A few weeks ago, my husband Jack returned from a business trip singing the praises of some delicious zucchini bread that one of his co-workers named Troy had brought to the meeting to share with everyone. It was a homemade zucchini bread baked by Troy’s wife Lannette – and Jack said it was the Best Zucchini Bread Ever!
Seriously – Jack would not stop talking about this zucchini bread! For days, he talked about how moist and delicious it was, and that it was perfectly sweet and spicy. And for days, Jack pestered Troy for the recipe so we could make it at home and possibly share it here on A Family Feast.
So I was thrilled when I was introduced to Lannette – who I learned is a fledgling food blogger herself! She’s been sharing some of her family’s favorite recipes here, and she graciously allowed us to share the recipe with all of you.
This really is the best zucchini bread ever! It is super moist and almost cake-like thanks to a generous amount of shredded zucchini in the batter (we actually used a combination of zucchini and summer squash – which is why you see a little bit of yellow in our bread photos) as well as some applesauce! This bread is perfectly seasoned with cinnamon, and a generous amount of chopped pecans add crunch and texture.
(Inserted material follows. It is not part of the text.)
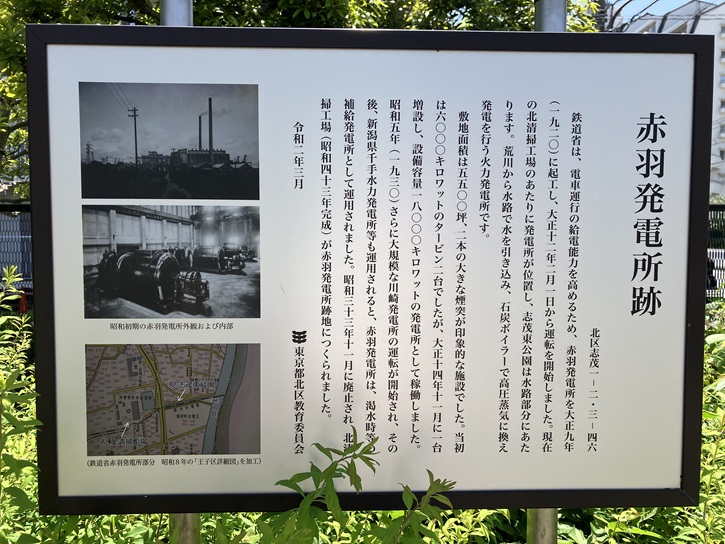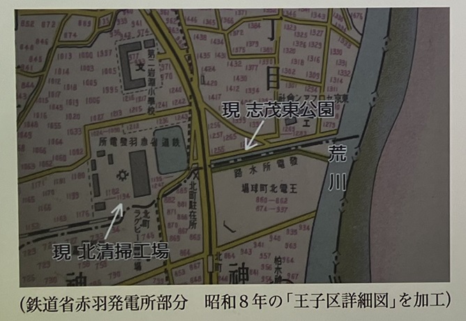 鉄道省は、電車運行の給電能力を高めるため、赤羽発電所を大正九年(1920年)に起工し、大正十二年二月一日から運転を開始しました。現在の北清掃工場のあたりに発電所が位置し、志茂東公園は水路部分にあたります。荒川から水路で水を引き込み、石炭ボイラーで高圧蒸気に換え発電を行う火力発電所です。敷地面積は5、500坪、二本の大きな煙突が印象的な施設でした。当初は6、000キロワットのタービン二台でしたが、大正十四年十一月に一台増設し、設備容量18、000キロワットの発電所として稼働しました。昭和五年(1930年)さらに大規模な川崎発電所の運転が開始され、その後、新潟県千手水力発電所等も運用されると、赤羽発電所は、渇水時等の補給発電所として運用されました。昭和三十三年十一月に廃止され、北清掃工場(昭和四十三年完成)が赤羽発電所跡地につくられました。

If this amazing zucchini bread is any indication of Lannette’s cooking – I can’t wait to follow along as her blog grows and she shares more of her awesome family recipes! (Great recipe Lannette and thanks again for sharing!) 🙂
Adapted from Awesome Family FoodPrint
Best Zucchini Bread Ever
- Prep Time: 20 mins
- Cook Time: 60 mins
- Total Time: 1 hour 20 minutes
- Yield: 2 loaves
- Butter and flour for preparing baking pans
- 3 cups all-purpose flour
- 1 teaspoon salt
- 1 teaspoon baking soda
- 1 teaspoon baking powder
- 4 teaspoons ground cinnamon
- 3½ cups grated zucchini (you can use as few as 2 cups and as much as 4 cups)
- 3 eggs
- ½ cup apple sauce
- ½ cup vegetable oil
- 2¼ cups granulated sugar
- 4 teaspoons vanilla extract
- 1 cup chopped pecans
- Preheat oven to 350 degrees F. Generously butter and lightly flour two 8”x4” loaf pans.
- In a medium bowl, sift together flour, salt, baking soda, baking powder and cinnamon. Stir gently to combine.
- Shred zucchini, lightly packing it down as you measure it.
- In the bowl of a stand mixer beat eggs, applesauce, oil, sugar and vanilla extract. Mix very well.
- Slowly add the dry ingredients (about 1/3 at a time) mixing as you go – then beat well to fully combine.
- With a rubber scraper or wooden spoon, stir in shredded zucchini and nuts into the batter and mix well.
- Pour half of the batter into each prepared pan.
- Bake for 45 to 60 minutes or until a toothpick inserted into the center of the loaf comes out cleanly. (The bake time will vary depending on how much shredded zucchini you add to the batter.)
- Remove from the pans and cool on wire racks.